Aged four, his own life was transformed through a Greenlane Hospital operation, which repaired the seriously damaged heart he had been born with.
From being a lethargic little boy, barely able to play with others I received an entirely new lease of life. That affected me deeply and I always wanted to give something back to help children in a similar predicament, he says.
Pulling out his panniers on the eve of the trip and realising his entire world would have to fit inside them for more than two years was sobering.

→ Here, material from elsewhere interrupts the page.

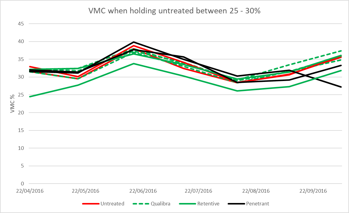 We effectively ran two trials – one where we tried to hold the untreated at under 20% VMC (Volumetric Moisture content – how wet something is) and one where we tried to hold the VMC between 25% and 30%.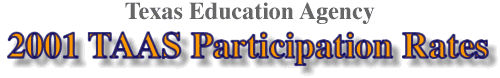 The reports available from this website provide a breakdown of a school or district's TAAS (spring 2001) participation in the tested grades. For a description of the different parts of the report, see the AEIS Glossary.

My first days on the road were depressing, I'd never met anyone who'd done something like what I was attempting and I was beginning to doubt myself.

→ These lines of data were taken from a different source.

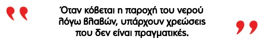 Και αυτό είναι καθαρά πρόβλημα του Δήμου και της Διοίκησης, γιατί αν δεν μπορούν να κάνουν τις μετρήσεις όσο συχνά ορίζει ο Κανονισμός Ύδρευσης, λόγω έλλειψης προσωπικού όπως ισχυρίζονται, οφείλουν εκείνοι να βρουν τις λύσεις. Και το λέω αυτό γιατί στην Υπηρεσία Καθαριότητας έχουν το υπερδιπλάσιο προσωπικό απ’ αυτό που είχαμε εμείς στη διάθεσή μας. Είτε πρέπει να προσλάβουν κι άλλους υπαλλήλους είτε να κάνουν σωστή διαχείριση και κατανομή του υπάρχοντος προσωπικού. Θα μπορούσαν, για παράδειγμα, τώρα που έγιναν προσλήψεις 5μηνων μέσω ΟΑΕΔ, κάποιοι από τους συμβασιούχους να αναλάβουν χρέη καταμετρητών.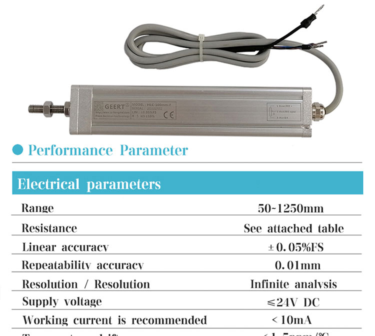 | Brief introduction:The linear displacement sensor based on potentiometer principle is a linear displacement sensor with sliding rheostat structure. The sensor can supply 5V or 10V power, output 0-5V, 0-10V voltage signal, or 12-24V power supply. It is equipped with transmission module to output 0-5V, 0-10V, 4-20mA analog signal, which is convenient to connect with PLC control system for processing and calculation.
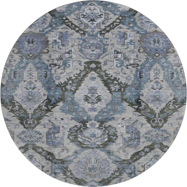 Mayfield Premium Machine Washable Abstract AMF1921 Gray 8 ft. x 8 ft. Round Rug

But after 10 weeks I'd ridden across Europe and all those doubts were gone.
I figured it would just be another 10 weeks to cross Turkey and another 10 weeks to almost reach China. Eventually I just started to concentrate not on my ultimate goal but on how far I could ride in a single day.
Scott says Holland, Belgium and Japan are extremely well set up for cyclists. But the most dangerous roads and drivers were in China and Indonesia.

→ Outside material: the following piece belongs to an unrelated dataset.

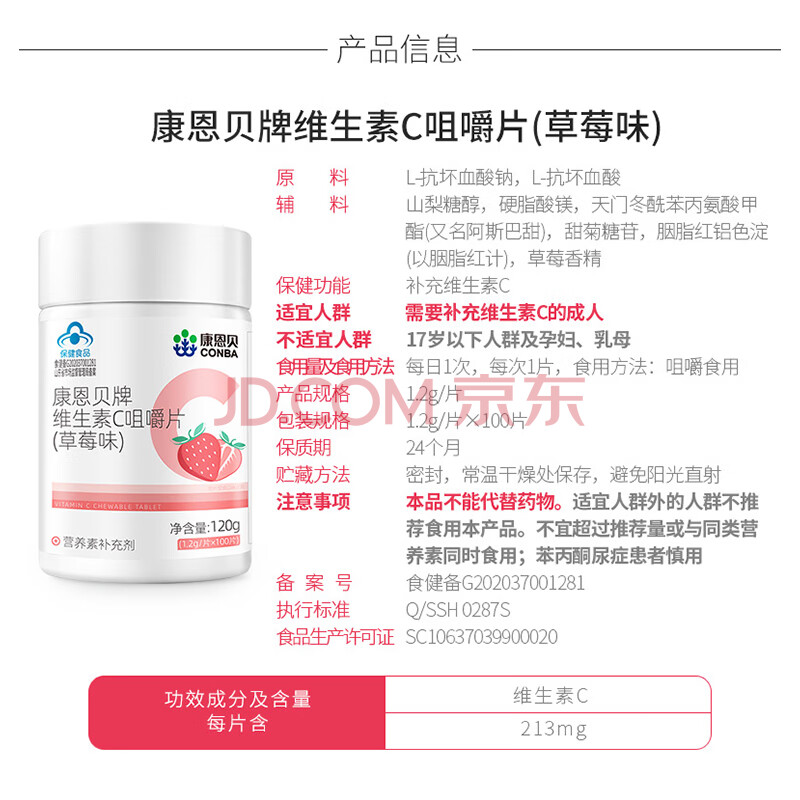 商品相册:康恩贝 维生素C咀嚼片 1.2g*100片 vc 维c 补充VC草莓味第1张/共8

There's so many vehicles on the road in these countries, so much pollution and the philosophy is 'the winner takes all'. In Jakarta it seemed like if I left a couple of centimetres between my front wheel and the next vehicle in front, somebody would squeeze their wheel into that gap to get in front of me. I basically learned to play by the game and not give any room to anyone.
However, despite the over-crowded roads, poor driving skills, frequent road crashes and woefully maintained vehicles, Scott no road rage on Asian roads.
"Our roads and driving standards are generally far better, yet when things go wrong drivers in the West are far less patient and seem to get 10 times as angry."
Generally he was received with kindness and generosity by those he met along the road.
He says the traditions of hospitality in Islamic countries, such as Turkey and Iran was particularly strong, at least for male travellers. But there were exceptions.
In Iran, an Inn where he stopped to ask for water, turned out to be a Mafia drug den where, after snorting their drugs, his gun and knife toting hosts attempted to make him a prisoner.
Scott managed to escape when several truck drivers stopped at the inn and ordered food. This distracted the men who he felt certain had been about to attack him. It provided witnesses to the dangerous way he was being treated and gave him an opportunity to excuse himself and leave.
Other "hairy moments" included being detained by Iranian military officials near an underground nuclear power plant; fighting off an Uzbek goat herder, who tried to grab gear from his saddle bags and fleeing Filipino gangsters in Cambodia. The last group had intended to drug him and get him involved in a high stakes card came.
The weather was varied, with Scott at times cycling through sand storms, typhoons and temperatures ranging from -20 to more than 50 C.
"But it really was the adventure of a lifetime and I have no regrets," says Scott.
"The big question now is what will be my next challenge."